Supplied data.
====

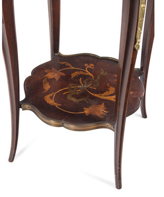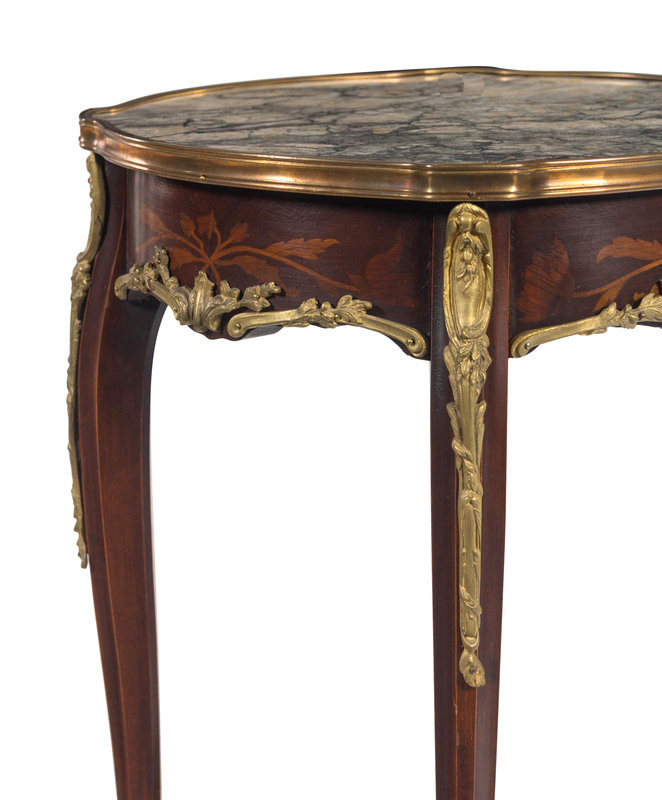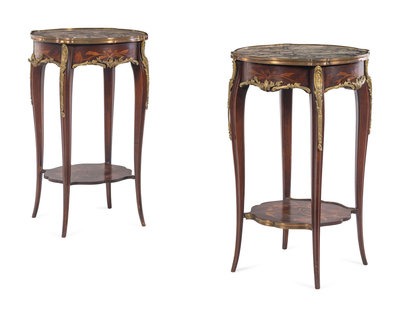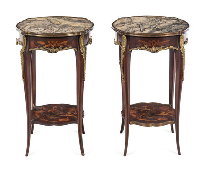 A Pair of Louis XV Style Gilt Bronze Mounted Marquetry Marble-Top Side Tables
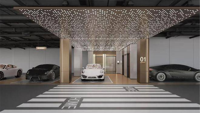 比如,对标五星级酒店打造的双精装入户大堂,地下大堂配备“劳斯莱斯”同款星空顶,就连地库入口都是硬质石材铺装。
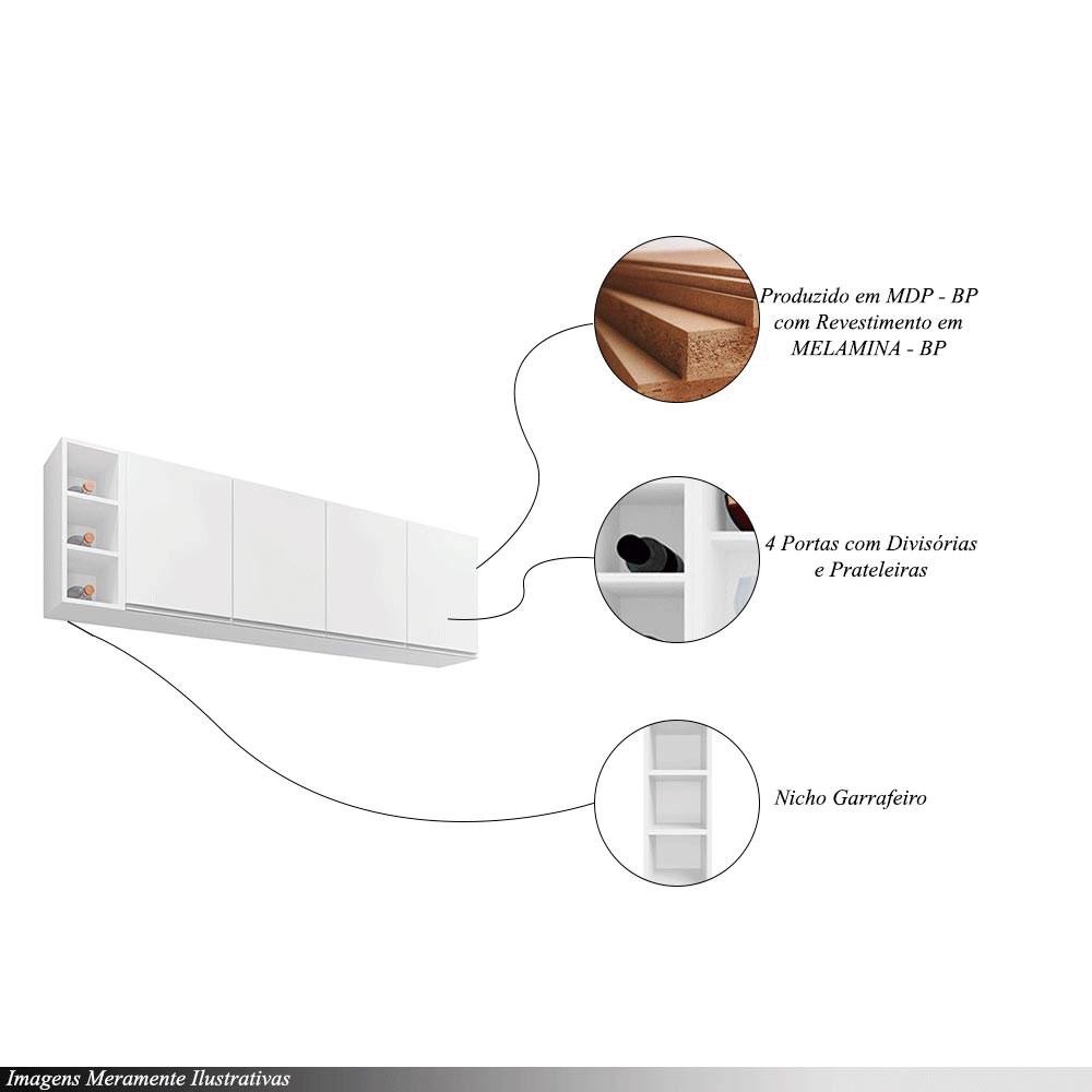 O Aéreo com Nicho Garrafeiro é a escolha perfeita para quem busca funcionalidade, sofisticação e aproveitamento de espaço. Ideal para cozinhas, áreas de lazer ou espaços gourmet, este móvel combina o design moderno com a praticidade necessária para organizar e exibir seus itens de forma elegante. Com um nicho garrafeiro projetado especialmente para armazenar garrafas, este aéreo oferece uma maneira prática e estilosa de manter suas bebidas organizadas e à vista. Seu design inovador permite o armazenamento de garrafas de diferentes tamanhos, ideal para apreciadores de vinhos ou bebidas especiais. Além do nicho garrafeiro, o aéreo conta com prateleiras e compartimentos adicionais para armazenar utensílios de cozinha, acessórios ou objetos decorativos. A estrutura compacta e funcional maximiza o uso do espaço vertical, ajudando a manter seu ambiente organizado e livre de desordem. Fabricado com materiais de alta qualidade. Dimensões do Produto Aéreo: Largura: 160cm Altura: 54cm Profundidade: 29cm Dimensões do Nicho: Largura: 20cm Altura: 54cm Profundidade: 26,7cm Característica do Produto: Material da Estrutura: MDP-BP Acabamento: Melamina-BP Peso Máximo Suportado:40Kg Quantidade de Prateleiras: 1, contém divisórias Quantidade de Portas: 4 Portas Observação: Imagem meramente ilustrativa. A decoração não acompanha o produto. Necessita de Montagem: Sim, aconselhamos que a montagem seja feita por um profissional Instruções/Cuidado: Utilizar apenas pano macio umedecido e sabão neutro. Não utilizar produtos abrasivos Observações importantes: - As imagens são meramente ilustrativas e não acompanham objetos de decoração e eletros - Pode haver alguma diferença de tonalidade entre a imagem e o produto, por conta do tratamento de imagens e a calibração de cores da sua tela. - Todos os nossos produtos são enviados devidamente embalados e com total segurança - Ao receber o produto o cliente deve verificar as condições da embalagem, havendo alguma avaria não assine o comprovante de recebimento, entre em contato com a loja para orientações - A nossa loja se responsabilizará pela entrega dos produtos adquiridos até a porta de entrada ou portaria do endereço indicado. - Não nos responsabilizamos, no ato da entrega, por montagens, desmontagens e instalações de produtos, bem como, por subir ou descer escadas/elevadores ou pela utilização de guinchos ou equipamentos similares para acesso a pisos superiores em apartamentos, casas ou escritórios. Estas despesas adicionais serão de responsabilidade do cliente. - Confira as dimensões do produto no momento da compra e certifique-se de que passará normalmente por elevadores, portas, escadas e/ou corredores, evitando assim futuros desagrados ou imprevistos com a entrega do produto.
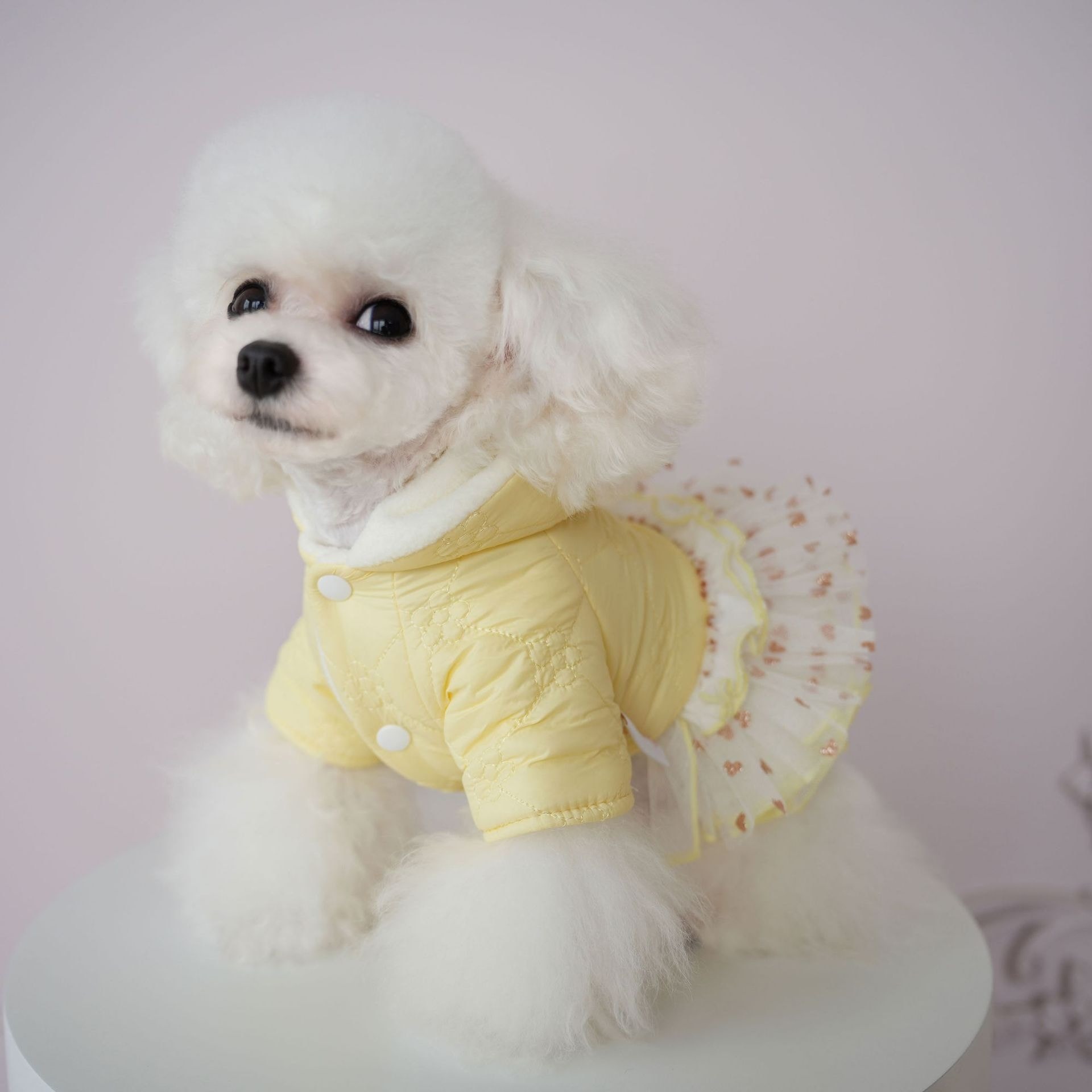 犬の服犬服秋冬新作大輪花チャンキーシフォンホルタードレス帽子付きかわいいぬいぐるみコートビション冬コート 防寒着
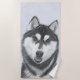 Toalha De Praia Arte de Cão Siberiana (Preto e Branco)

====

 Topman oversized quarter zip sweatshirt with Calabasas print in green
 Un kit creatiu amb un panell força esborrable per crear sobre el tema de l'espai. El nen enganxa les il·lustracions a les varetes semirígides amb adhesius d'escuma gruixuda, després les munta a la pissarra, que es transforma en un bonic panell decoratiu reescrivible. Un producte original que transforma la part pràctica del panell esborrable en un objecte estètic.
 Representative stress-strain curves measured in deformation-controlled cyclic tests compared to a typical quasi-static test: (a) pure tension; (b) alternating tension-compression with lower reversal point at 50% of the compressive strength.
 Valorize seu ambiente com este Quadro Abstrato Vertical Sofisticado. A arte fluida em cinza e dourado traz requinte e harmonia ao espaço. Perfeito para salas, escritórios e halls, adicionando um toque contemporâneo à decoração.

====

Exercise brief. Using the data above, repeat exactly the lines that begin at the line with "Representative stress-strain curves" and end at the line with "Valorize seu ambiente", both ends included.

Written reply.
 Representative stress-strain curves measured in deformation-controlled cyclic tests compared to a typical quasi-static test: (a) pure tension; (b) alternating tension-compression with lower reversal point at 50% of the compressive strength.
 Valorize seu ambiente com este Quadro Abstrato Vertical Sofisticado. A arte fluida em cinza e dourado traz requinte e harmonia ao espaço. Perfeito para salas, escritórios e halls, adicionando um toque contemporâneo à decoração.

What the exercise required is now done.